“Come Expecting.” It’s Not About This.
A Common Theme: Expectation.
It’s not unusual for annual business meetings, conventions, graduations, or special church functions to depend on a charged atmosphere of anticipation to capture our attention.
Evangelistic crusades attract outsiders with the potential for the miraculous.
(Come to the big tent: see God’s man of faith and power! Miracles. Signs. Wonders.)
Live concerts draw crowds because of the unknown.
(Will they get arrested? Play new songs? Make mistakes?)
Annual business meetings try to build excitement too.
(Celebrate last year’s success! Get ready for some big new SECRET products!)
Don’t Copy the Wrong Thing:
You can try for years to replicate Arnold Palmer’s particular style, swagger, and swing but that’s going to lead to ultimate failure. You’re not Arnold Palmer.
In church and business alike, we tend to focus on the finished product.

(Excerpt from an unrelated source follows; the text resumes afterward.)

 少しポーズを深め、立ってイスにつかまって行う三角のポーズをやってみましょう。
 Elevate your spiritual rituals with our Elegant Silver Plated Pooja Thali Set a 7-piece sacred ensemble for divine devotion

When we see and hear success incarnate, we want to duplicate it. (That’s not the problem.) The trap that snares us, and leads us astray is that we tend to focus on results, rather than the process. (You’d never try to do this in manufacturing, because it’s obvious that you can’t build anything without the correct raw materials.)

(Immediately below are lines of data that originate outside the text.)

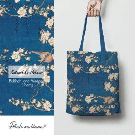 Katsushika Hokusai, tote bag canvas, Bullfinch and Weeping Cherry, linen bag, gift for teacher, shopping bag, PR1016
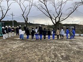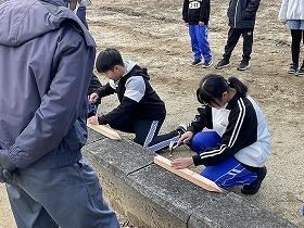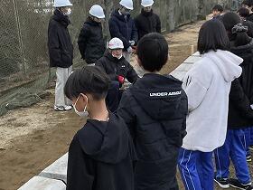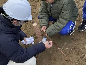 (株)大岩建設の技術者の指導を受けながら、羽田小学校4~6年生と本校生で作業を実施しました。
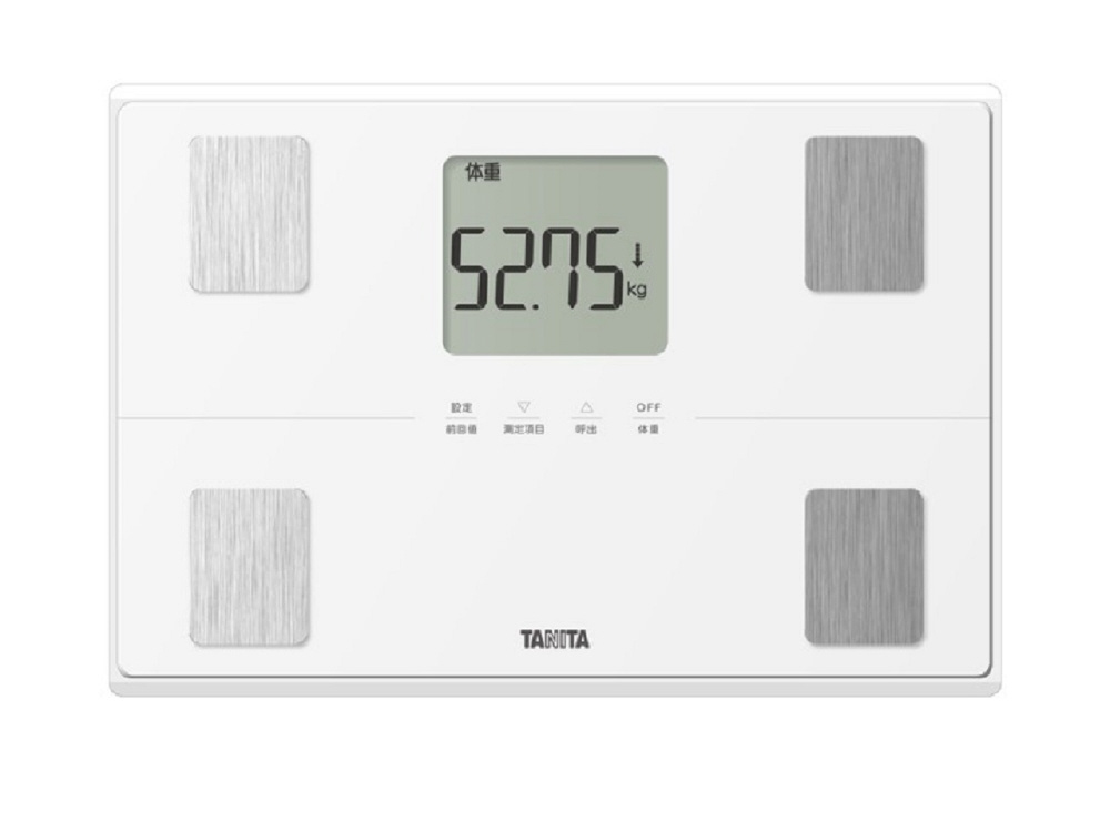 強化ガラスを採用したスタイリッシュな新デザインの体組成計

Instead of copying Arnold Palmer’s swing, develop your own technique by doing what he did to create that signature move. (Don’t waste your time copying something that’s not relevant.) You don’t have to copy his swing, just find out how many golf balls he practiced hitting each day. Hit the same number of balls, and soon you’ll find your own swing.
You can’t replicate anything, based on performance. (A ‘copy of a copy’ never stays true to the original.) Unless we duplicate the rehearsals of the masters and practice on our own, we’ll always miss the mark. With anything that matters, we need to stop worrying about the anticipation of those who enter our circles, and humbly work to inspire them once we’re acquainted. (Putting in our ‘10,000 hours’ will make us unique and create value.) Humility is the opposite of having a reputation.
Raise a standard for excellence by paying attention to preparation, caring about details, and digging a foundation. Staying true to ourselves, we’ll reach others because we care. (That’s how pivotal circumstances and providential relationships work.) It doesn’t matter if people have high expectations when we meet them.